Assigned task:
In the entries below, find the line with "또한, 18인치 휠이" and the line with "如果对学生提问的内容和机器的"; reproduce those two lines and all lines between them exactly, without pictures.

Data under study:
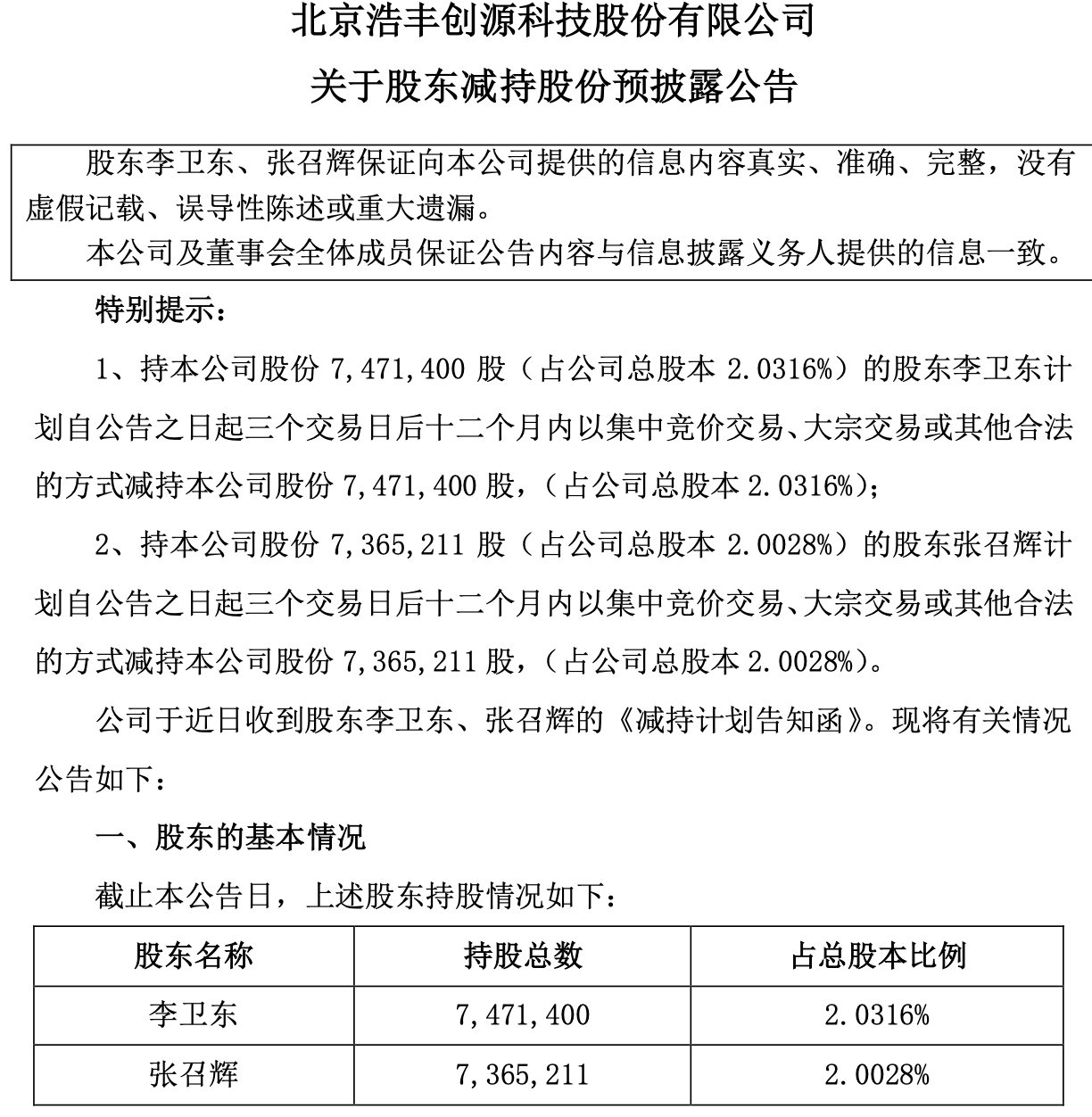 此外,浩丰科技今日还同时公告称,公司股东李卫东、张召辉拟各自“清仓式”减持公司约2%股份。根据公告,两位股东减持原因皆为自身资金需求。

* * *

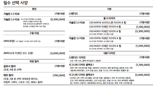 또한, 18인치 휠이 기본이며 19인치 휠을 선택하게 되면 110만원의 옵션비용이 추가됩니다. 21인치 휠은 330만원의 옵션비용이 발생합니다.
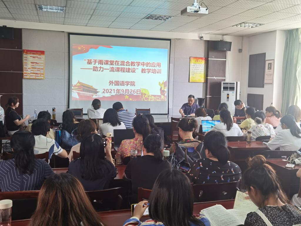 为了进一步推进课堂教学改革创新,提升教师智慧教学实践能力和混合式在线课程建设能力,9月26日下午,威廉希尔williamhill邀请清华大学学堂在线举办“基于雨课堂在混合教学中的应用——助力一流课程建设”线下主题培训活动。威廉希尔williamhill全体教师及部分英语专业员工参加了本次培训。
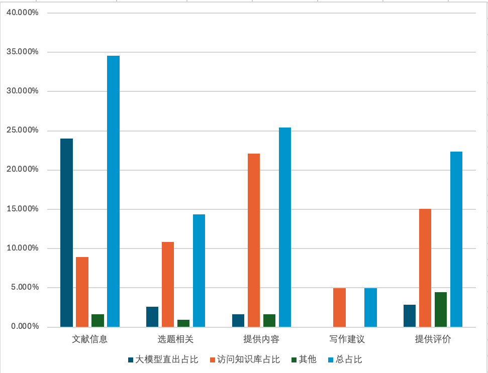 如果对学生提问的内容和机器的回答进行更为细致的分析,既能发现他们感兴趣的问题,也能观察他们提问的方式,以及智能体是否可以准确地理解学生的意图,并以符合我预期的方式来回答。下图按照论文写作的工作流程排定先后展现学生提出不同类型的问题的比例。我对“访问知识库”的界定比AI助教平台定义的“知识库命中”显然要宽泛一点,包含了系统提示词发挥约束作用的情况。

* * *

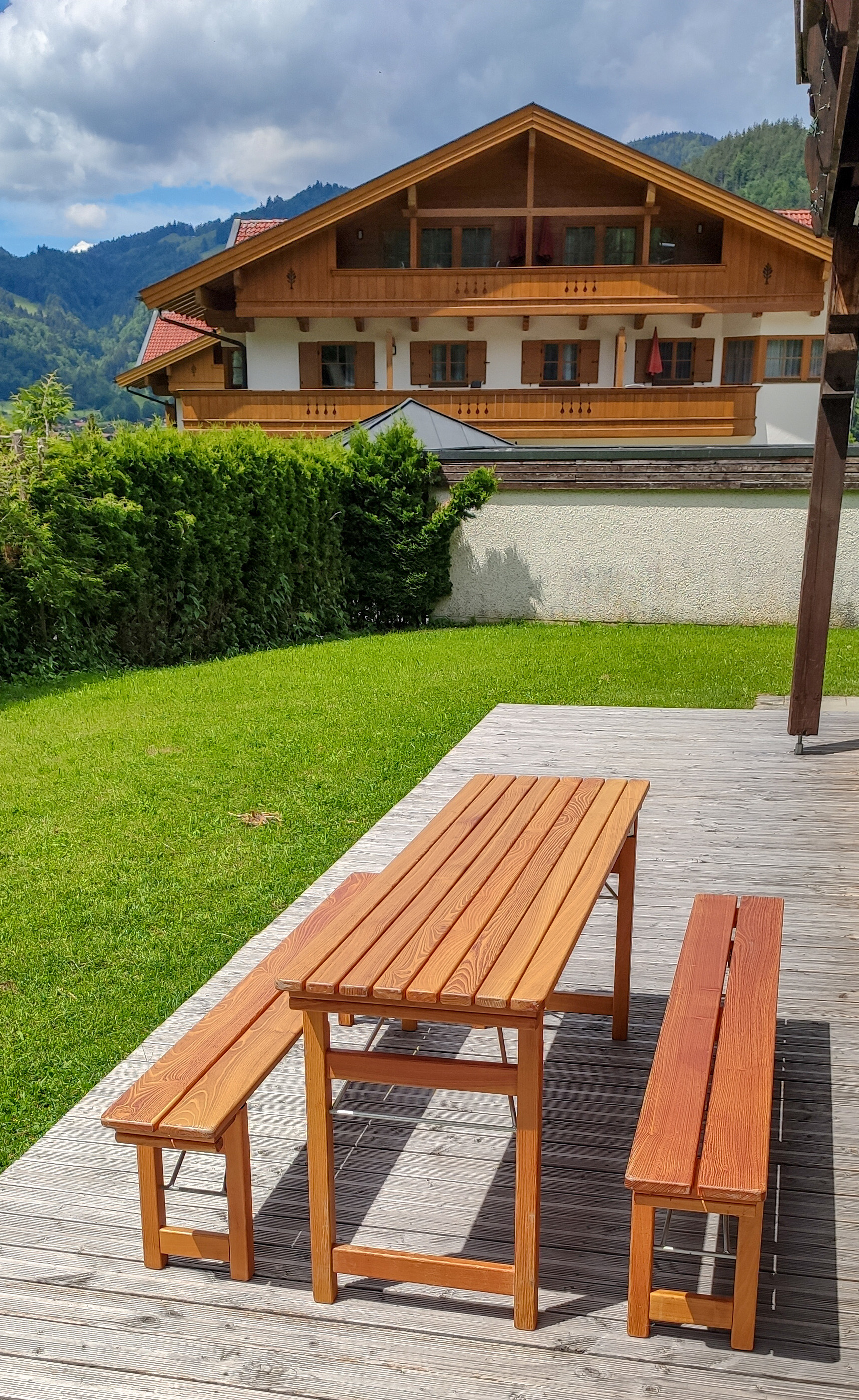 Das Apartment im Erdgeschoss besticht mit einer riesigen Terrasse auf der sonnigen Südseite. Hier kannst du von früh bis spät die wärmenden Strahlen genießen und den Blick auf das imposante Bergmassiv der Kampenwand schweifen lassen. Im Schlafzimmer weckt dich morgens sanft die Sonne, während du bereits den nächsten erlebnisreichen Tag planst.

Worked solution:
 또한, 18인치 휠이 기본이며 19인치 휠을 선택하게 되면 110만원의 옵션비용이 추가됩니다. 21인치 휠은 330만원의 옵션비용이 발생합니다.
 为了进一步推进课堂教学改革创新,提升教师智慧教学实践能力和混合式在线课程建设能力,9月26日下午,威廉希尔williamhill邀请清华大学学堂在线举办“基于雨课堂在混合教学中的应用——助力一流课程建设”线下主题培训活动。威廉希尔williamhill全体教师及部分英语专业员工参加了本次培训。
 如果对学生提问的内容和机器的回答进行更为细致的分析,既能发现他们感兴趣的问题,也能观察他们提问的方式,以及智能体是否可以准确地理解学生的意图,并以符合我预期的方式来回答。下图按照论文写作的工作流程排定先后展现学生提出不同类型的问题的比例。我对“访问知识库”的界定比AI助教平台定义的“知识库命中”显然要宽泛一点,包含了系统提示词发挥约束作用的情况。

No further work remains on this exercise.